В этот раз финал чемпионата мира по квиддичу мало того что был отделен он полуфиналов по времени почти на месяц, так и проходил в нестандартном, хотя, конечно, освещенном традициями месте. Когда в Международной Ассоциации квиддича проходило голосование по поводу страны-хозяйки финальной игры, Греция своей горой Олимп ткнула чуть ли не в каждого из членов исполнительного комитета, и Драко, который присутствовал год назад на этом голосовании, только удивлялся, как это греки не отловили в лесах какого-нибудь зевса или аполлона, чтобы с триумфом представить его исполкому.
Зато сам он, пустив в ход зарубежные связи своего семейства, в передаче, посвященной голосованию и будущим отборочным играм, а также аналитике по поводу будущих участников плей-офф, к полному восторгу публики явил зрителями самого настоящего фавна, которого, к сожалению, по соображениям цензуры, все же пришлось укутать в тогу.
Тогу, кстати, пошил фавну все тот же Блейз, который после неслабо обогатился на продаже копий лондонским модницам.

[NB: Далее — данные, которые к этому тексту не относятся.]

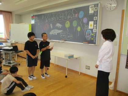 返却にあたってお別れ会を開きました。名残は尽きませんが、5年生が育てたサンショウウオが呉羽の山で元気に育ちますように…。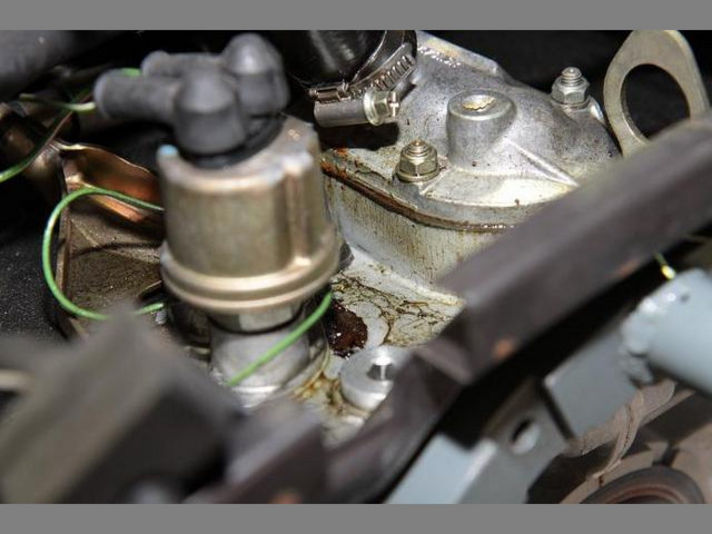 右の写真カムハウジングのオイル漏れ確認 ほとんどの世の中の空冷ポルシェはこの程度のオイル漏れはあたりまえにあるぐらいです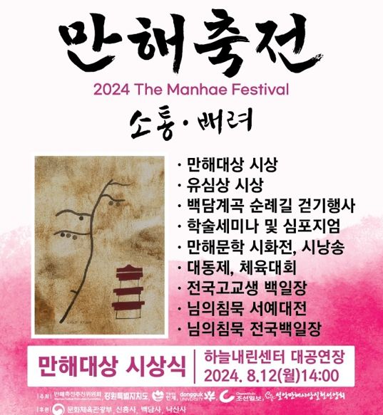 인제군과 만해축전추진위원회는 8월 5일부터 오는 10월까지 인제군 일원에서 ‘2024년 제26회 만해축전’을 개최한다고 밝혔다.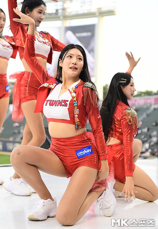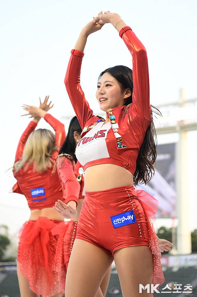 LG 트윈스 치어리더 김이서가 공연을 펼치고 있다.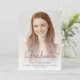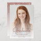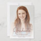 Moderna invitación de graduación con una foto vertical personalizado. La palabra "Graduado" aparece en un guión de escritura a mano de rosa oscuro, con el nombre del graduado, la escuela y el año de graduación debajo en letra sans serif. Reemplace fácilmente la imagen de muestra con la foto de su propio graduado. Una pantalla de degradado blanco ayuda a asegurar que aparece el texto. Agregue detalles sobre los logros de su graduado y planes futuros al revés, que presenta un rosa de oro que gotea un falso borde purpurina en un contexto sombrío.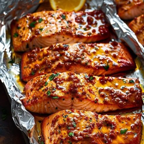 • Spoon or brush the honey garlic sauce over the salmon fillets, making sure the surface is evenly coated.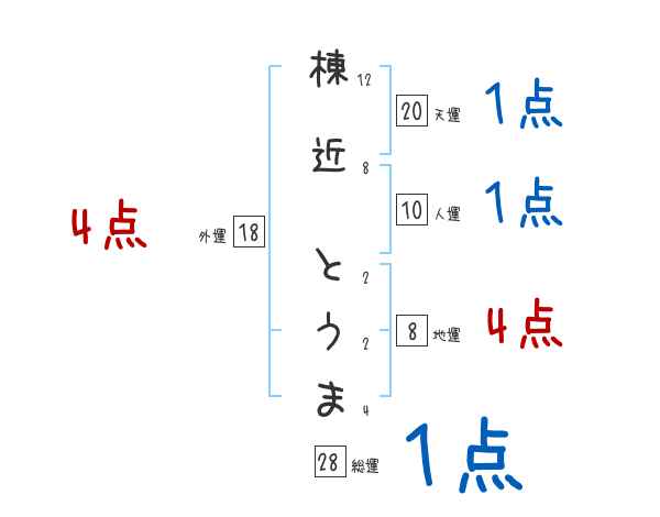 総運![]() | 棟近とうまさんの総運は28画の1つ星!家庭環境に注意。スポーツで活躍できる能力があるかも。 あなたの人生を表す1番重要な運勢です。生涯を通じて影響する総合運となり、主に50歳以降の晩年期に影響を及ぼします。 |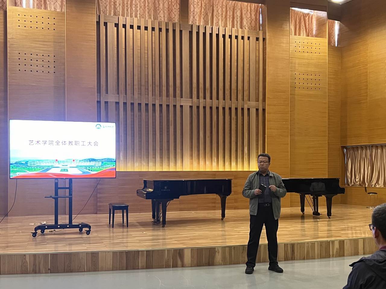 4月29日,十大体育网站于音乐厅召开全院教职工大会,公司人事处副处长雷剑出席会议。会议由公司党委书记刘庆主持。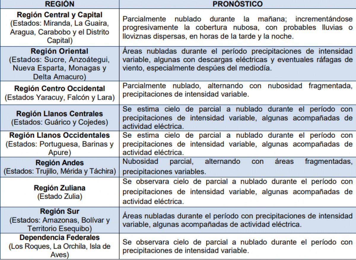 ¿Cuál es el último pronóstico del Inameh para Venezuela hoy?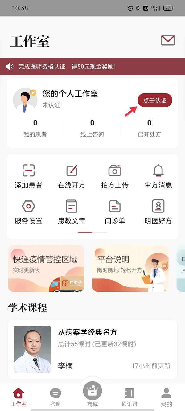 3、进入之后会看到自己的工作室,点击认证。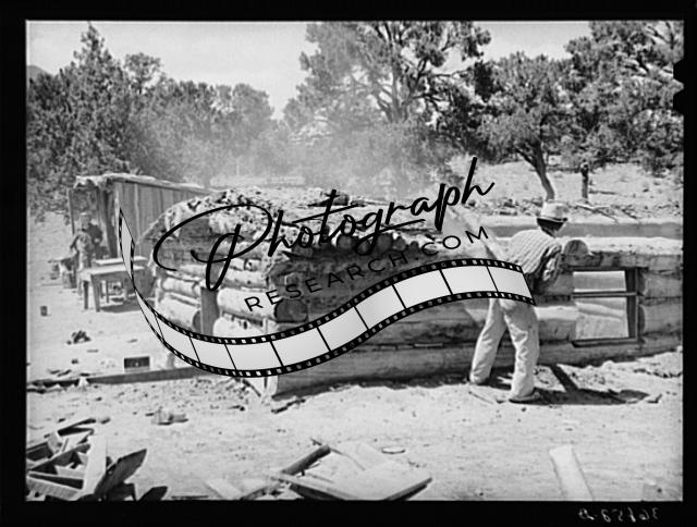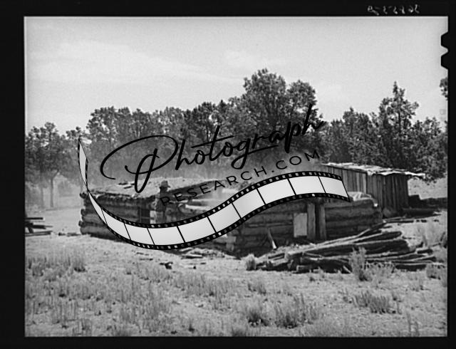 Title: Log house built by a homesteader. This homesteader, who was deeded his farm four years ago, is now sick and lives in town, renting his house and farm to a young couple. Pie Town, New Mexico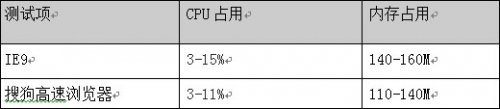 虽然说两款浏览器在资源占用的测试中都表现得很好,但是毕竟在第二项测试搜狗高速浏览器还是领先于IE9,搜狗高速浏览器对网页载入独特的处理方式为用户节约了资源,提高了浏览器和电脑的稳定性。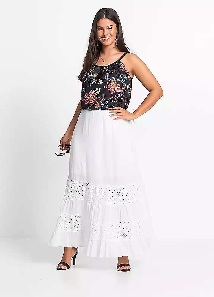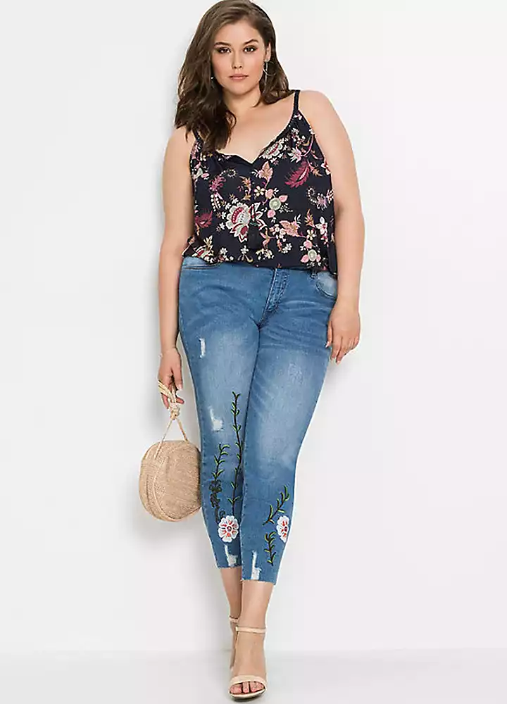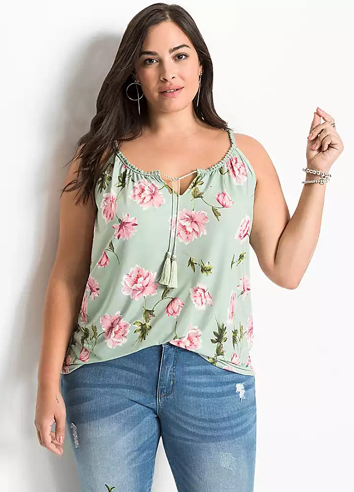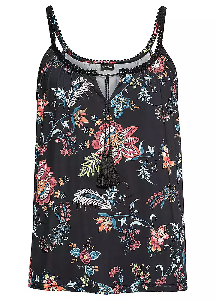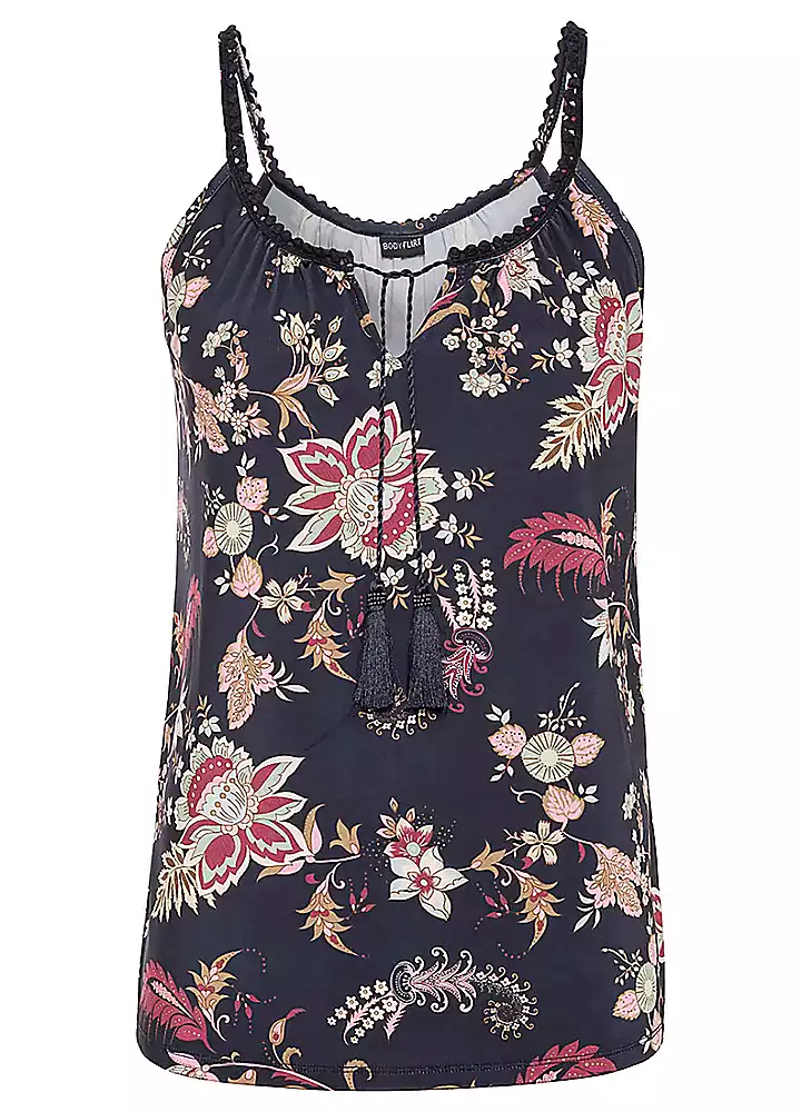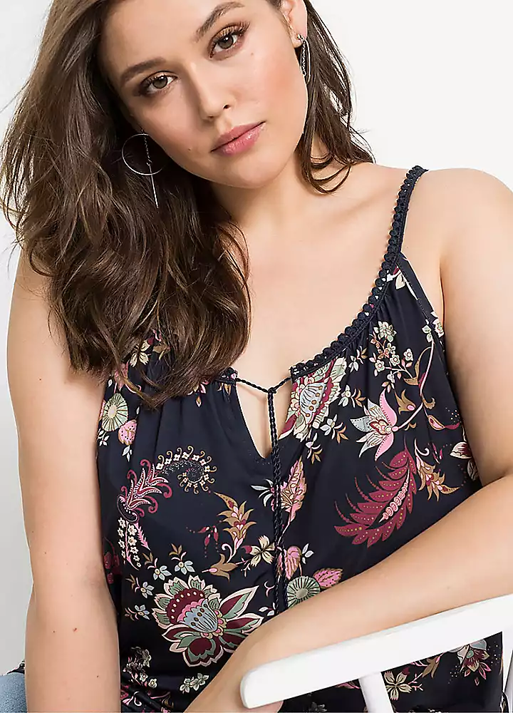 Printed jersey cami with a colourful floral print. Featuring ties at the v-neckline, pretty embellished straps, and comfy stretch material.
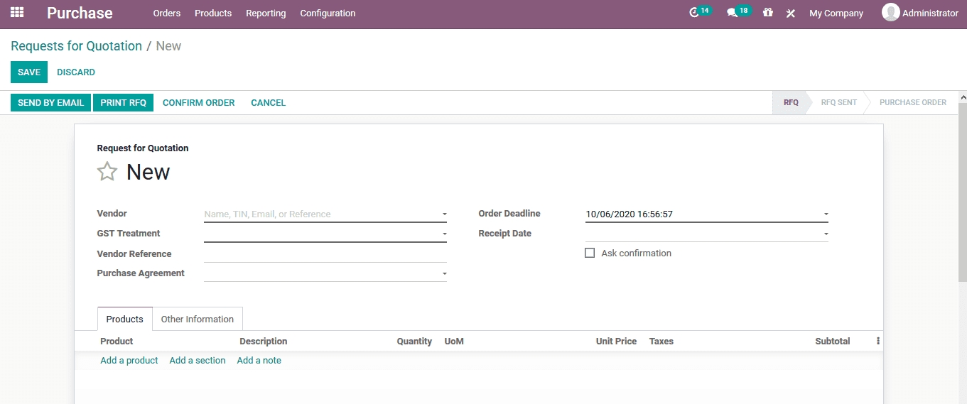 To create a new RFQ the user can access the creation window by selecting the create option available. In the creation window the user can assign the vendor, tax details based on the region, vendor reference and purchase agreement being described in the platform. The order deadline along with the receipt date can be assigned to the RFQ. The products required can be mentioned in the product menu along with the variants and the required quantity. In addition, under the other description tab the user can provide the financial description on the same.

Если честно, у самого Драко тоже была припрятана одна такая, и, собирая вещи для путешествия в Грецию, Драко даже подумывал взять ее с собой. В общем, было бы наверно как-то уместно встречать победителя в подобающем наряде. На этом месте мысли Драко пустились вскачь по греческим мифам (неадаптированное и потому крайне неприличное издание которых имелось в библиотеке Малфой-Мэнора и было изучен Драко от корки до корки еще в сопливой юности). Но потом Драко склонился к более лаконичному варианту: можно было бы прекрасно обойтись и одним лавровым венком. Точно, это было бесспорно гениальное решение - и тащить ничего с собой не надо, лавров имелось в достатке прямо на Олимпе, венок уж как-нибудь Драко сплетет собственноручно, и темно-зеленые листья отвечали всем его эстетическим запросам, не говоря уж о том, что должны были просто охуенно смотреться на светлых малфоевских волосах. Ну а если уж совсем приспичит, то можно будет обойтись и обычной простынкой.
В общем, собирался Драко со вкусом.
***
На предматчевую пресс-конференцию с командами, назначенную на день накануне финальной игры, пришлось все же отправиться в костюме. Драко расположился в сторонке от основной массы журналистов, не озаботившись даже Прыткопишущим Пером - зачем, если у Панси наготове был мощный диктофон? К тому же вопросы, как, впрочем, и ответы, были известны ему все до единого, и Драко мог бы, с незначительными вариациями, заранее воспроизвести все, что будет спрошено и отвечено во время пресс-конференции.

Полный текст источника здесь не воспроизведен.